We have found that the statement "reinforcement produces an increment in
behavior" leads to behavior that does not match what happens in
experiments, whereas the statement "Behavior is proportional to the
difference between a reference value Co and the actual value of the
contingent consequence C," leads to behavior that changes from any
starting rate to a final rate in a negatively-accelerated exponential
way -- which is what is observed.

The conventional way of defining reinforcement as an increment in
behavior actually leads to a prediction of either zero behavior or a
positive-feedback runaway condition. The difference between what does
happen (an approach to an asymptote) and the implication of the
definition of reinforcement (runaway) has, I assume, been recognized.
This difference, however, has not been attributed to an error in the
assumed mechanism of reinforcement. Instead, it has been assumed to be
due to failure to take into account a second phenomenon: satiation. The
basic conclusion has been that there would indeed be a runaway
condition, but as the reinforcement rate rises, satiation begins to
increase nonlinearly, until it is sufficient to stop the runaway.
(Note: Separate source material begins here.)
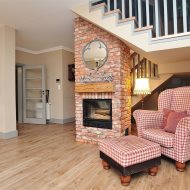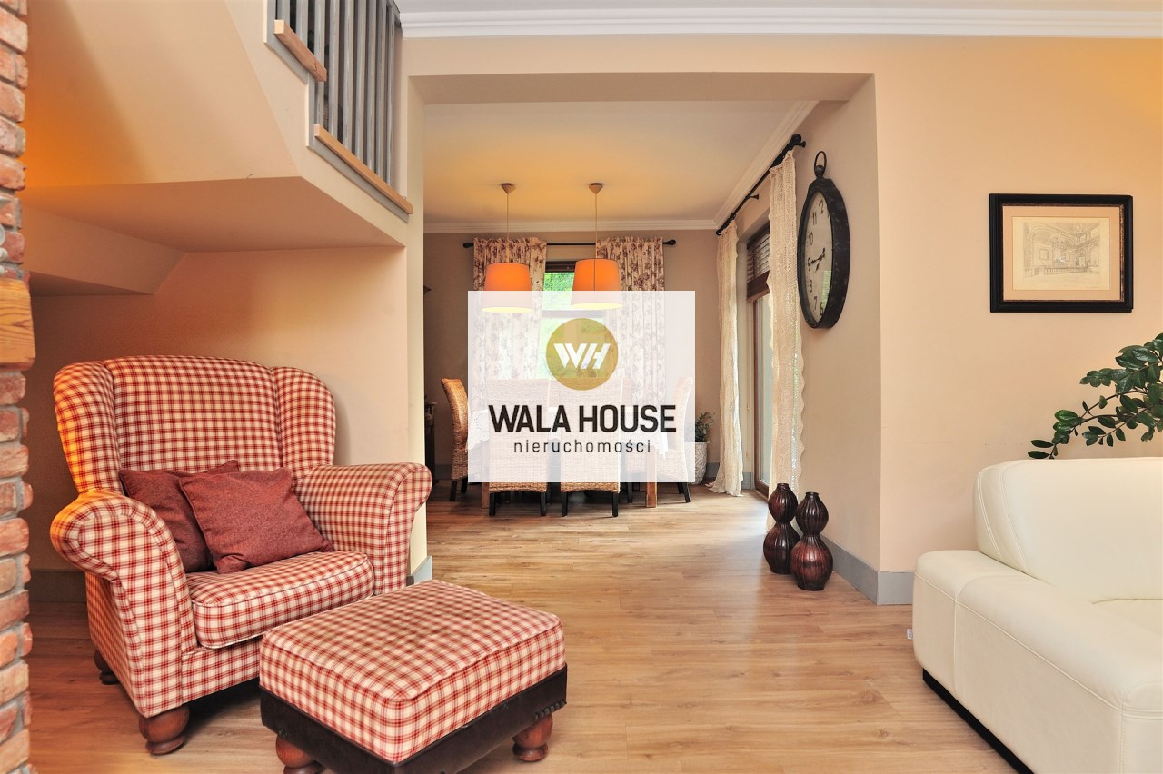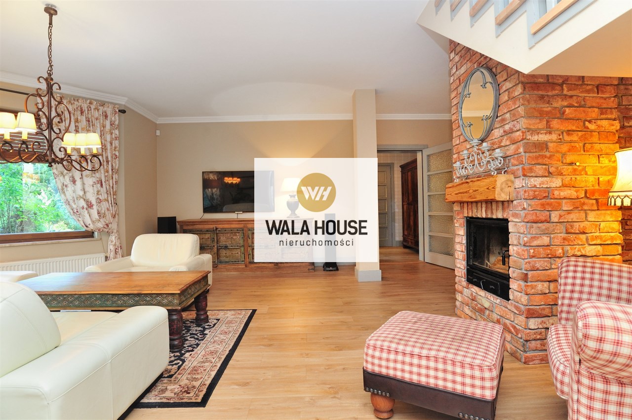 Wnętrza zostały zaprojektowane z myślą o wygodzie domowników. Przestronny, jasny salon z kominkiem stanowi centrum życia rodzinnego. Z salonu prowadzi wyjście na taras i do ogrodu, co sprzyja odpoczynkowi na świeżym powietrzu.

In more complex schedules like a VI schedule, there is a natural
nonlinearity in s(B) which, with just the right values of the system
constants, can produce runway at low levels of behavior but an approach
to an asymptote at high levels, without requiring the introduction of
satiation to save the theory. However, the alternative law given above
also produces the same result, but does not depend so delicately on
assuming just the right values of system parameters -- and it works for
ratio schedules as well.

The real problem with the conventional model is that the wrong law has
been assumed. The observed behavior is NOT implied by the assumption
that an increment in reinforcement produces an increment in behavior.
The cure for the failure to predict is not to add new phenomena ad hoc,
but to use a law that _does_ lead to the observed behavior: the PCT
model.

The difference between reinforcement theory and PCT comes down to the
two models assumed:

Reinforcement: dB/dt = k1*C - k2*B

PCT: dB/dt = k1*(Co - C)

You will notice that C enters with opposite signs in these two models.

By this analysis, we can see that the statement "reinforcement causes an
increment in behavior rate," which is a definition of reinforcement, is
incompatible with the observation, "Behavior and reinforcement rate rise
to an asymptotic value", which is roughly how the _phenomenon_ called
reinforcement is described. The PCT model shows how both behavior rate
and reinforcement rate can rise to an asymptote while the reinforcement
rate always has a _negative_ effect on the behavior rate.
-----------------------------------------------------------------------
Best,

Bill P.